Federal health care programs like Medicare and Medicaid pay out enormous sums to health care providers each year. Health care fraud costs the federal government between $80 and $100 billion each year, which means its monitoring is a high priority for government investigators. The Anti-Kickback Statute (AKS) is one tool that the government uses to prosecute actions of fraud, waste and abuse. The AKC essentially criminalizes the giving and receiving of remunerations in exchange for patient referrals: 42 U.S.C. § 1320a-7b.
Health Care Kickback Charges Explained
Innocent relationships may be scrutinized as kickback schemes. It can be tricky to distinguish between a healthy relationship that benefits both doctors and patients, with the harmful kickback schemes that the AKS was designed to prevent.
Kickbacks can lead to overutilization of health care services, which drains the federal budget. They can also compromise patient welfare by potentially corrupting a doctor’s medical judgment. Therefore, instead of focusing on the best interests of the patient, doctors may order unnecessary tests and risky operations to line their own pockets with kickback payments.
Proving a Violation of the Anti-Kickback Statute
To prove a violation of the AKS, the government must show, beyond a reasonable doubt, that the defendant knowingly and willfully gave, received, or solicited a remuneration in return for patient referrals (or other business) in connection with a federal health care program.
Remuneration can include essentially anything of value, including:
- Rebates and gifts.
- Employment contracts.
- Other arrangements that depart from fair market value.
Remunerations are prohibited under the AKS whether they are paid “directly or indirectly, overtly or covertly, in cash or in kind.” Thus, health care providers can even face AKS liability for seemingly innocent behavior like providing free bagels in the lounge at the doctor’s office.
Anti-Kickback Safe Harbor Provisions
The Secretary of Health and Human Services (HHS) and the Office of Inspector General (“OIG”) have created “safe harbor” exceptions to the AKS that define business transactions that will not subject the parties to penalties under the federal Anti-Kickback Statute: 42 U.S.C. §1320a-7b(3)(E).
The OIG has promulgated two safe harbor provisions for practice acquisitions, one of which protects practitioner-to-practitioner transactions and the other protects certain practitioner-to-hospital or other entity transactions: 42 C.F.R. § 1001.952(e)(1) and (2); 56 Fed.
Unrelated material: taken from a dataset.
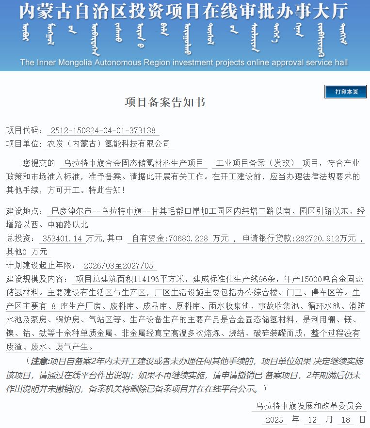 据了解,2025年12月18日,农发(内蒙古)氢能科技有限公司投资建设的乌拉特中旗合金固态储氢材料生产项目获备案。
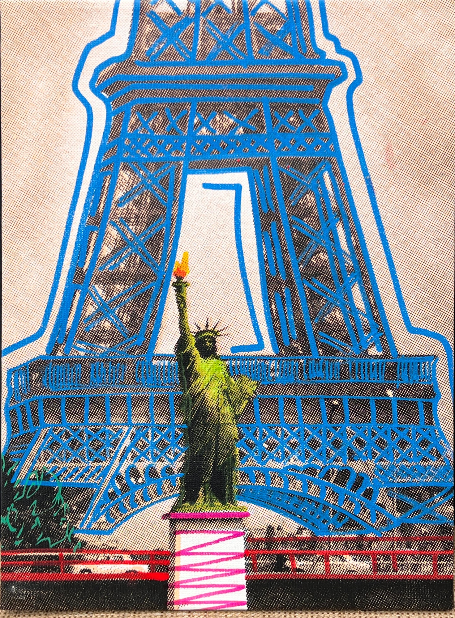 Eiffel Tower with Statue of Liberty (Blue) by Steve Kaufman

Reg. 35964, 35965 (1991).
Practitioner-to-Practitioner Safe Harbor
To satisfy the practitioner-to-practitioner safe harbor, the following requirements must be met:
- The sale must be to another practitioner.
- The period from the date of the first agreement pertaining to the sale to the completion of the sale is not more than one year.
- The seller cannot be in a professional position to make referrals to or otherwise generate business for the purchasing practitioner after one year from the date of first agreement pertaining to the sale (i.e., the selling physician must retire, cease to practice or relocate within one year of the commencement of the transaction). See 42 C.F.R. §1001.952(e)(1)(ii).
Practitioner-To-Other Entity Safe Harbor
To satisfy the practitioner-to-other entity safe harbor, the following requirements must be met:
- The period from the date of the first agreement pertaining to the sale to the completion date of the sale is not more than three years.
- The practitioner who is selling his or her practice will not be in a professional position after completion of the sale to make or influence referrals to, or otherwise generate business for, the purchasing hospital or entity for which payment may be made under Medicare, Medicaid or other Federal health care programs.
- The practice being acquired must be located in a HPSA, as defined in Departmental regulations, for the practitioner’s specialty area.
- Commencing at the time of the first agreement pertaining to the sale, the purchasing hospital or entity must diligently and in good faith engage in commercially reasonable recruitment activities that:
- May reasonably be expected to result in the recruitment of a new practitioner to take over the acquired practice within a one year period; and
- Will satisfy the conditions of the practitioner recruitment safe harbor in accordance with 42 C.F.R.§ 1001.952(n).
Defending Against Anti-Kickback Violation Charges
If you or your business is facing allegations of anti-kickback violations, we encourage you to contact us as soon as possible. By the time you find out that you are under investigation, the government may have already taken substantial steps toward building a case for criminal charges. The sooner you act, the sooner we can help you.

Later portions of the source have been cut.